The first play set the tone for the Gophers football team Saturday. A handoff to Trey Potts lost 5 yards. That was Homecoming 2022 in a snapshot.
The Gophers went backward.
A team that looked so dominant the first month of the season got pushed around physically. A team that had executed with precision against weaker competition made mistake after mistake after mistake when the opposition offered more resistance.
It wasn't just that the Gophers suffered their first loss, 20-10 to Purdue. It was how they lost that caused fans to shuffle somberly toward the exits at Huntington Bank Stadium.
The Gophers self-destructed in the first half while allowing Purdue's defense to dictate terms in the trenches. The culprit wasn't one person, one play or one sequence, but the sum of it.
"We didn't deserve to win," coach P.J. Fleck said.
That is a perfect synopsis in the simplest, most direct terms.
All is not lost because the Big Ten West is the definition of pedestrian, which is putting it kindly. The loss, though, tamps down the giddiness surrounding a 4-0 start and showed that a veteran Gophers team praised for its maturity and moxie is quite capable of producing rain on a sunny day.
"That is not how we played in the last month," Fleck said.
Purdue isn't New Mexico State or Western Illinois, either. The competition jumped several notches, and the Gophers basically gift-wrapped a 13-point swing to the visitors.
First, Fleck overreacted to a slow start by going for it on fourth-and-1 from his own 29 in the first quarter. The Gophers sent in wildcat quarterback Cole Kramer, who got stuffed for no gain. Purdue turned that prime field position into a field goal for a 10-0 lead.
Fleck said he felt his team needed a jolt and that he supported the play call. I have been critical of Fleck's game management as being too cautious in the past, but this gamble felt too risky so early in the game, especially with star running back Mo Ibrahim sidelined by injury.
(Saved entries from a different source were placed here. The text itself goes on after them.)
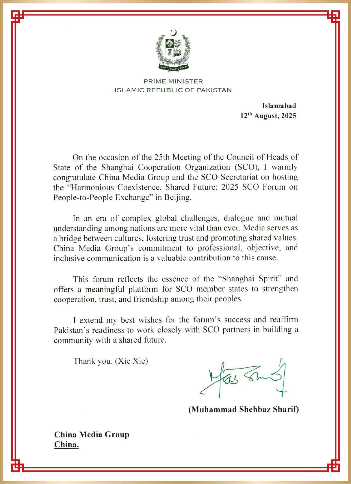 在上海合作组织成员国元首理事会第二十五次会议即将召开之际,8月25日,由中国中央广播电视总台与上海合作组织秘书处联合主办的“2025上海合作组织国家人文交流活动”在北京举行。吉尔吉斯斯坦总统扎帕罗夫、巴基斯坦总理夏巴兹致贺信,祝贺活动圆满成功。包括上海合作组织国家政治、文化、媒体等各界知名人士在内的100余位嘉宾出席活动,并见证多项上合组织国家人文交流成果发布。
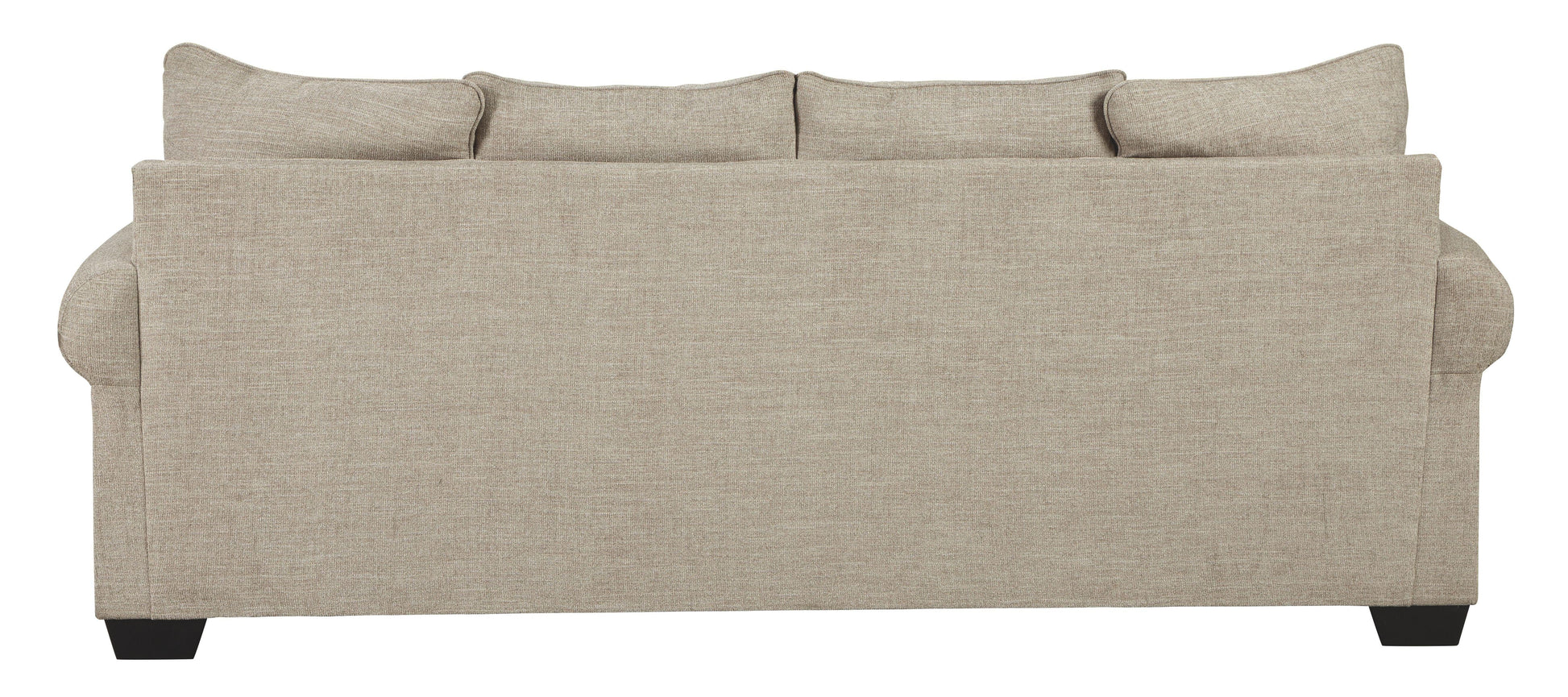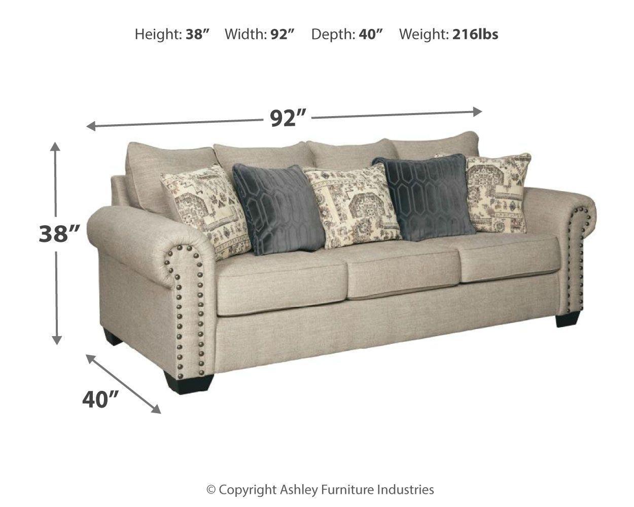 This sofa sleeper lets you make a high-style statement at a comfortably affordable price. Richly traditional roll arms are given a modern punch care of oversized nailhead trim in a black nickel-tone finish. Linen-weave upholstery in fresh and clean sandstone beige is complemented with designer pillows that add texture and sophistication. Pull-out queen mattress in quality memory foam comfortably accommodates overnight guests.
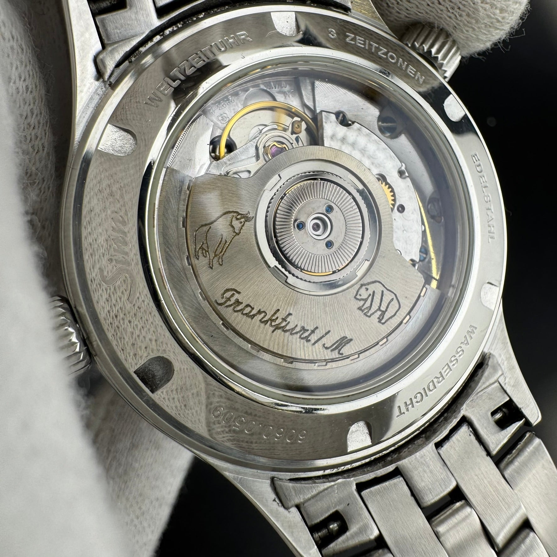 The Frankfurt World Time watch is part of Sinn's Frankfurt Financial District Watches series. This watch allows the wearer to simultaneously track 3 independent time zones, a vital task for someone trading on the World's Stock Exchanges. One time zone can be tracked with the 12 hour hands, another with the quick-settable 24hr hand, and the third using the rotating 12hr bezel. The watch also features a beautifully decorated movement, with the most notable decoration being the Bull and the Bear engraved on the automatic works rotor. These engravings represent the traditional symbols of the stock exchange which encapsulates the two usual sentiments of investors.
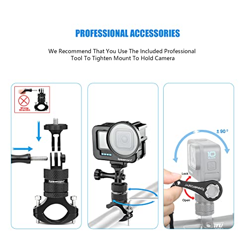 【DUREVOLE E DI ALTA QUALITÀ 】 Il supporto per bicicletta Forevercam è realizzato in lega di alluminio CNC ad alta rigidità, più resistente. Previene la caduta della videocamera durante i movimenti ad alta velocità.
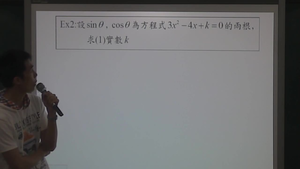 各位同學大家好,接下來我們來例題二。首先 sinθ與cosθ為方程式的兩根,利用兩根和及兩根積來求實數 k 值。
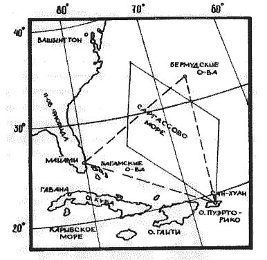 Что такое Бермудский треугольник? Это район земного шара (рис. 1), представляющий собой гипотетический треугольник, вершинами которого являются Бермудские острова, Пуэрто-Рико и Майами на Флориде (или южный мыс Флориды). Эта зона имеет зловещую репутацию, так как в ней происходят различные необъяснимые и драматические происшествия (рис. 2). Одно из таких устрашающих явлений — это внезапное появление так называемых Летучих голландцев.
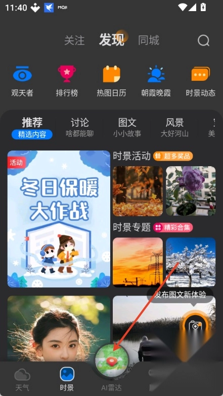 可以查看各地实时天气照片,也能分享自己看到的气象场景
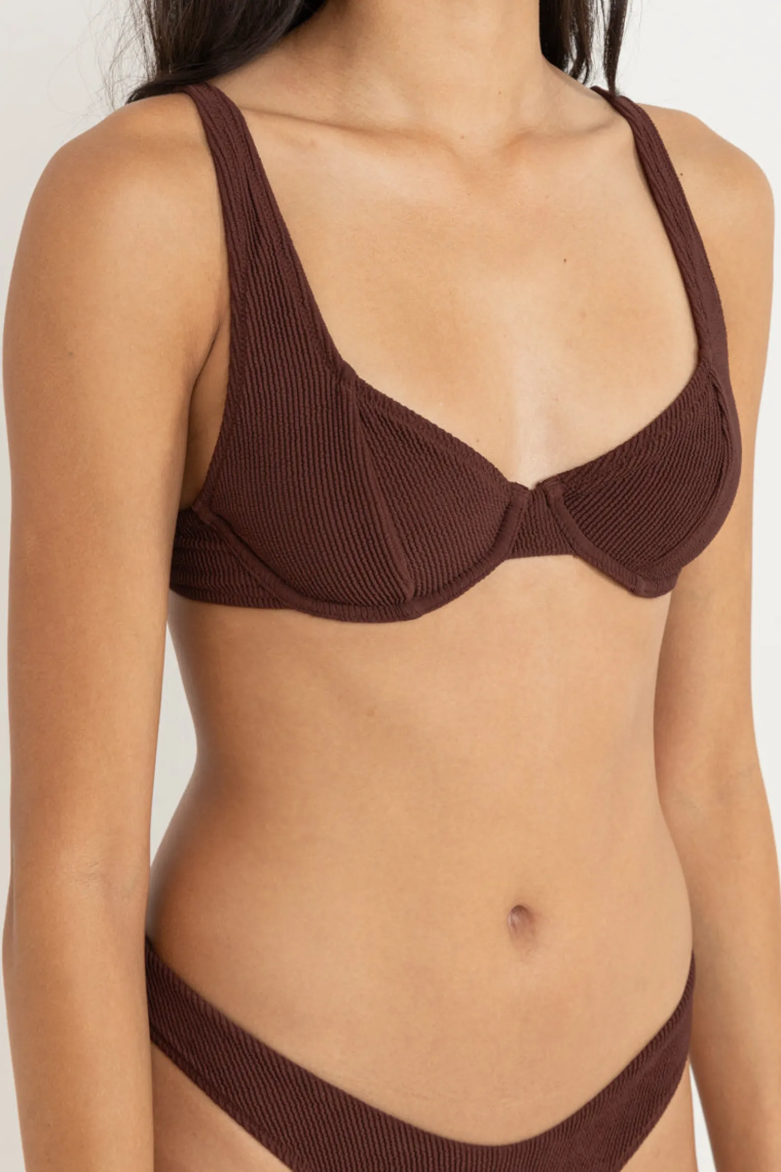 Supportive and stylish, this café underwire top is perfect for A-D cup sizes. Adjustable straps, tie-back closure, and gathered detailing offer a flattering fit.
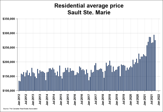 The number of homes sold in the Sault Ste Marie Real Estate Board for October 2021 set a new record, up by 13.5% from October 2020 for a total of 185 units.

"It only cost us three points, but it's worth it," Fleck said. "I would do it again. We've got to be able to get fourth-and-1s."
The offense coughed away 10 points in the second quarter. Matthew Trickett hooked a 28-yard field goal attempt. Later, wide receiver Michael Brown-Stephens was open in the end zone but let an on-target pass bounce off his hands and into the arms of a Purdue defender.
Leaving points on the field against quality opponents is a recipe for losing.
"It was like we were uphill all day," Fleck said.
That was especially noticeable with the offensive line. Purdue's defensive front won that matchup decisively, which forced the Gophers to abandon their identity as a ball-control offense. Fleck admitted that Purdue "dominated the line of scrimmage."
"There were too many times that push was going backwards, which we're not used to," he said.
They didn't have the injured Ibrahim available to bail them out by breaking tackles. The result was a non-existent rushing attack (47 yards total). The Gophers won't win many games using that formula.
The pressure and lack of a running game heaped pressure on the passing game. Tanner Morgan never looked comfortable and threw three interceptions — one off a tipped pass at the line, the Brown-Stephens hiccup and a final heave that was poorly thrown.
Everything was a struggle for the offense. The defense kept the Gophers in the game until that unit finally cracked in the closing minutes.
The game was lost much earlier than that. The vibe didn't feel right from the start. The Gophers came out flat, fell behind, made repeated mistakes and they could never generate any rhythm because their offensive line got overpowered.
Fleck reminded his players afterward that their goals are still within grasp, but the path suddenly looks different. The Gophers have back-to-back road games after their bye, starting at Illinois, which demolished Wisconsin in Madison on Saturday. Then comes a trip to Penn State.
The Gophers deserved their first loss by how they played. Their response will tell us more about where this season is headed.